Retry and Backoff: Building Resilient Systems

#backend #dolearncode #programming #performance

In network based applications, transient failures like network delays or temporarily unresponsive servers are common. Without a retry mechanism, these disruptions can cause immediate failures, affecting user experience and service reliability. Implementing retries is key to maintaining stability during such interruptions.

Case Study

Consider an application that connects to an external API to fetch weather data. If the API experiences a temporary disruption, our application will fail immediately without attempting to retry. This could result in failing to retrieve important data, even though the disruption might be temporary.

In the following example, the FetchWithoutRetry function attempts to make an HTTP request to the external API. If the network call fails, the application logs the error and returns nil, without retrying the request

func FetchWithoutRetry(apiURL string) (*http.Response, error) {
    response, err := http.Get(apiURL)
    if err != nil {
        return nil, fmt.Errorf("Request failed : %w", err)
    }
    return response, nil
}

This approach misses the opportunity to recover from a transient error that might be resolved with a simple retry.

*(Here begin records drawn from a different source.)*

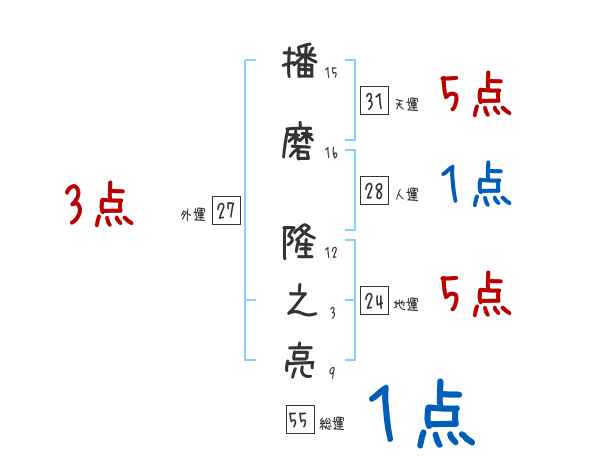 播磨隆之亮さんの画数の鑑定結果
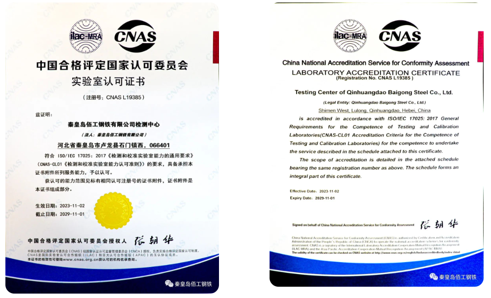 秦皇島佰工鋼鐵有限公司榮獲國家CNAS實驗室認可
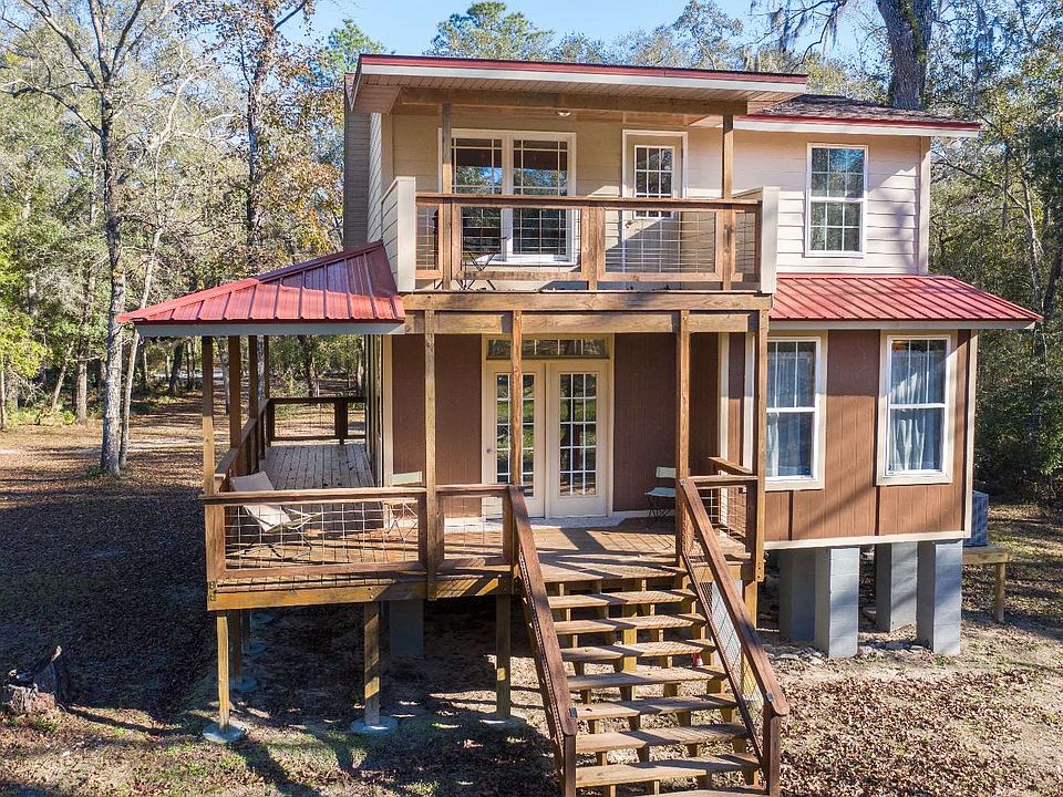 River Retreat Work Camp! Come see the new construction with old world craftsmanship at this custom, rustic 2 bedroom, 2 bath, 2 story river home. Sip coffee on your wrap around porch or relax on your balcony overlooking the deer and turkey. Close to Rock Bluff Springs/boat ramp and Gornto Springs.
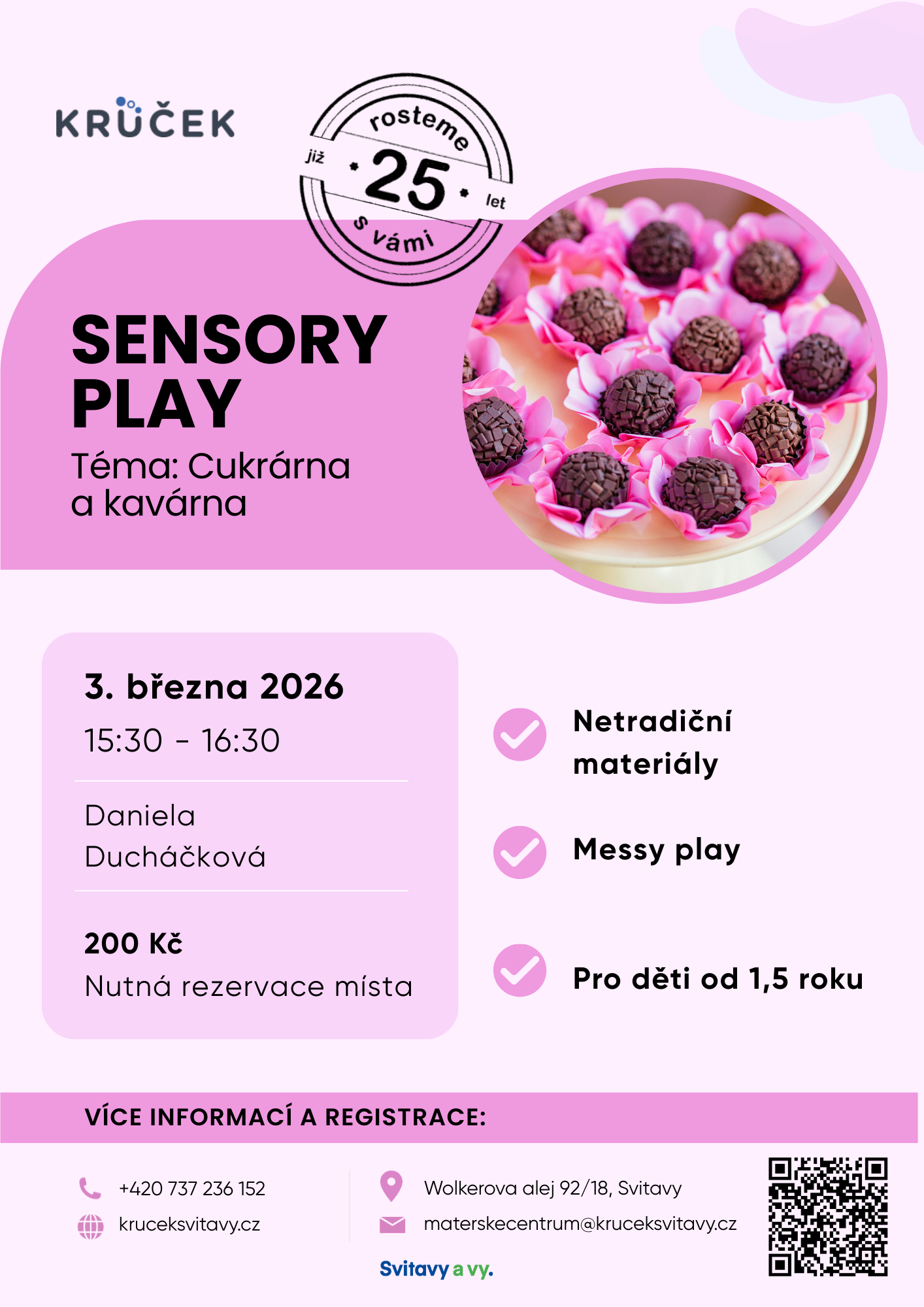 Zveme vás na voňavou a hravou lekci Sensory play, tentokrát na téma Cukrárna a kavárna. Děti si vyzkouší objevování různých materiálů, „pečení“, nabírání, přesypávání i kreativní hru na malé cukráře a baristy.
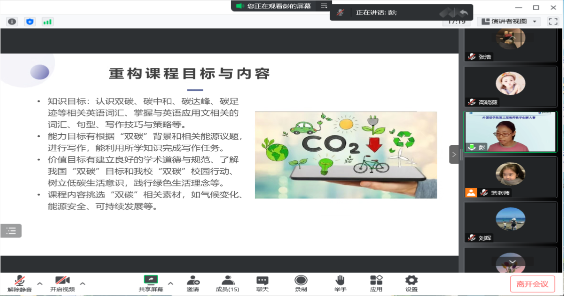 彭霞媚团队将我国“双碳”目标与我校电力能源特色相结合,重构教学内容,与英语应用文的写作结合起来,并提出具有特色的议、摹、练、改、评五步英语写作教学法。问答环节,就评委提出的怎样将“双碳”主题与应用文写作相结合的问题,彭霞媚从呈现给学生的图表的类型、双碳知识等层面予以了回答,力求提高学生英语写作的兴趣和能力,同时加深学生对“双碳”目标的认识。
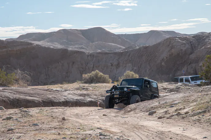 On top one of these climbs is Checkpoint 3, manned by the Hemet Jeep Club. They’re providing support to any of the drivers that may need it. One of those Jeeps is my ride back to HQ, and it’s time for me to part ways with the trail. I watch as the War Wagon disappears around a bend heading towards Tectonic Canyon and the last leg of the Green Route. For me, it’s time to head over to the Ocotillo Wells training grounds and check out some more 4×4 fun.
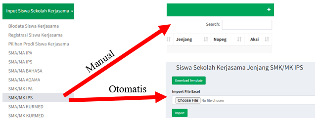 2. Pilih jenjang, misalnya SMK/MK IPS, lalu masukkan data secara otomatis atau manual.
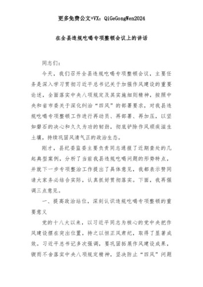 【七哥公文】2025年:在全县违规吃喝专项整顿会议上的讲话+更多免费公文+VX:QiGeGongWen2024+更多免费公文+VX:QiGeGongWen2024

Implementing a Retry Pattern

A retry mechanism attempts the same request again if it initially fails due to a transient issue. By implementing a retry pattern, you improve the resilience of your downstream services. Instead of immediately returning an error, your system attempts to retry the request a predefined number of times.

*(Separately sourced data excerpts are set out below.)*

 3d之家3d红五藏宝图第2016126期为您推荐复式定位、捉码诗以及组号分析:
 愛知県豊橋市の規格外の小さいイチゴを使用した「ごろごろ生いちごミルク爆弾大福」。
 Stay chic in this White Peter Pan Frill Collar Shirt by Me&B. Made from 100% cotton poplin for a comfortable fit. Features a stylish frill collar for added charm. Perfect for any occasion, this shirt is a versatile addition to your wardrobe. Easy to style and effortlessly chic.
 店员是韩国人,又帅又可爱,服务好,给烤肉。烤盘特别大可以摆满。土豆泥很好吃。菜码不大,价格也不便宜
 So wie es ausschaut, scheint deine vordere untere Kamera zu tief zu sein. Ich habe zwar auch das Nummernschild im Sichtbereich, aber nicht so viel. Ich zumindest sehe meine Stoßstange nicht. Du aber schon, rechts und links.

Here’s an example implementation in Go:

const (
    maxRetries = 3
    retryInterval = 2 * time.Second
)

func FetchWithRetry(apiURL string) (*http.Response, error) {
    for attempt := 1; attempt <= maxRetries; attempt++{
        if response, err := http.Get(apiURL); err == nil {
            return response, nil
        }

       fmt.Printf("Request failed, attempt %d/%d: %w\n", attempt, maxRetries, err)
        time.Sleep(retryInterval)
    }

    return nil, fmt.Errorf("Request failed after %d attempts", maxRetries)
}

In this example, the system attempts the request up to maxRetries times, waiting retryInterval between each attempt.

Exponential Backoff

While simple retries improve resilience, using fixed intervals can worsen transient failures, especially if a server is under heavy load.

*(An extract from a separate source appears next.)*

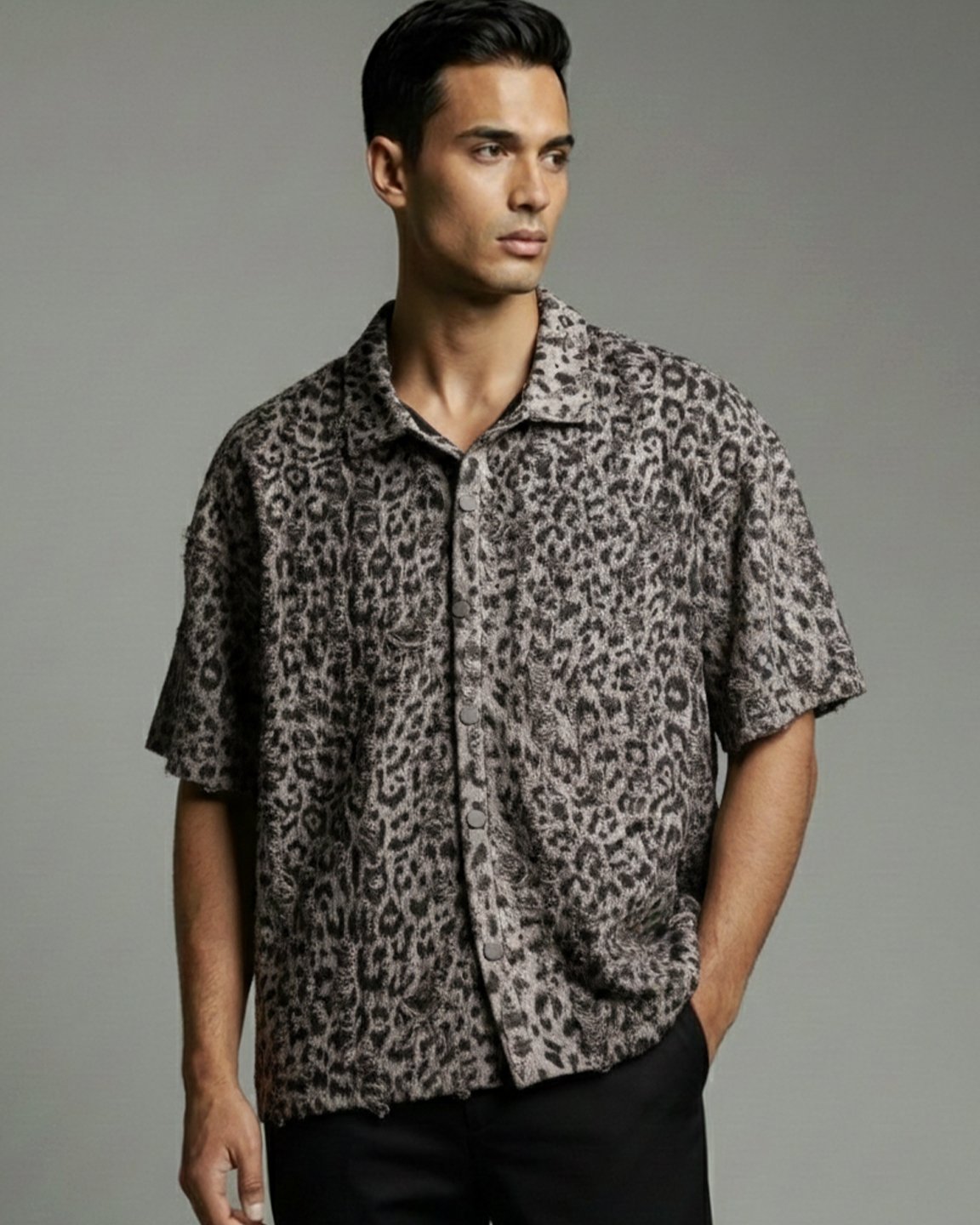 Product Description: Regular-fit 3D printed shirt with snap-button front closure, short sleeves, back yoke, straight hemline. Crafted with 3D printed knit fabric.
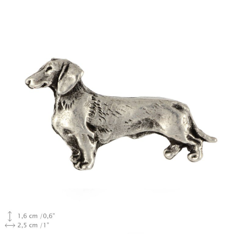 Jamnik szorstkowłosy - posrebrzana broszka z psem, elegancki pin, ozdoba klapy marynarki marki Art-Dog

Exponential backoff optimizes retries by increasing the delay between
each attempt. This reduces the load on the failing system and improves
the likelihood of a successful retry by giving the server more time to
recover with each successive attempt. The progressively longer intervals
also help prevent overwhelming a recovering server with repeated bursts
of traffic.

Exponential backoff gradually increases the wait time after each failure. For example, the wait time might start at one second, then increase to two seconds, four seconds, and so on. Here’s how you might implement exponential backoff in Go:

const (
    maxRetries = 3
    initialInterval = 2 * time.Second
    backoffFactor   = 2.0
)

func FetchWithExponentialBackoff(apiURL string) (*http.Response, error) {
    waitTime := initialInterval

   for attempt := 1; attempt <= maxRetries; attempt++{
        if response, err := http.Get(apiURL); err == nil {
            return response, nil
        } 

        fmt.Printf("Request failed, attempt %d/%d: %w\n", attempt, maxRetries, err)
        time.Sleep(waitTime)
        waitTime *= time.Duration(backoffFactor)        
    }

    return nil, fmt.Errorf("Request failed after %d attempts", maxRetries)
}

Adding Jitter to Backoff

While exponential backoff reduces server load by spacing out individual
client retries, it doesn't prevent the "thundering herd" problem when
multiple clients fail simultaneously. If 1,000 clients all experience
a failure at the same moment (for example, when a server crashes),
exponential backoff means they'll all retry together at 2 seconds,
then again at 4 seconds, then 8 seconds, and so on. Each wave of
synchronized requests can overwhelm the recovering server.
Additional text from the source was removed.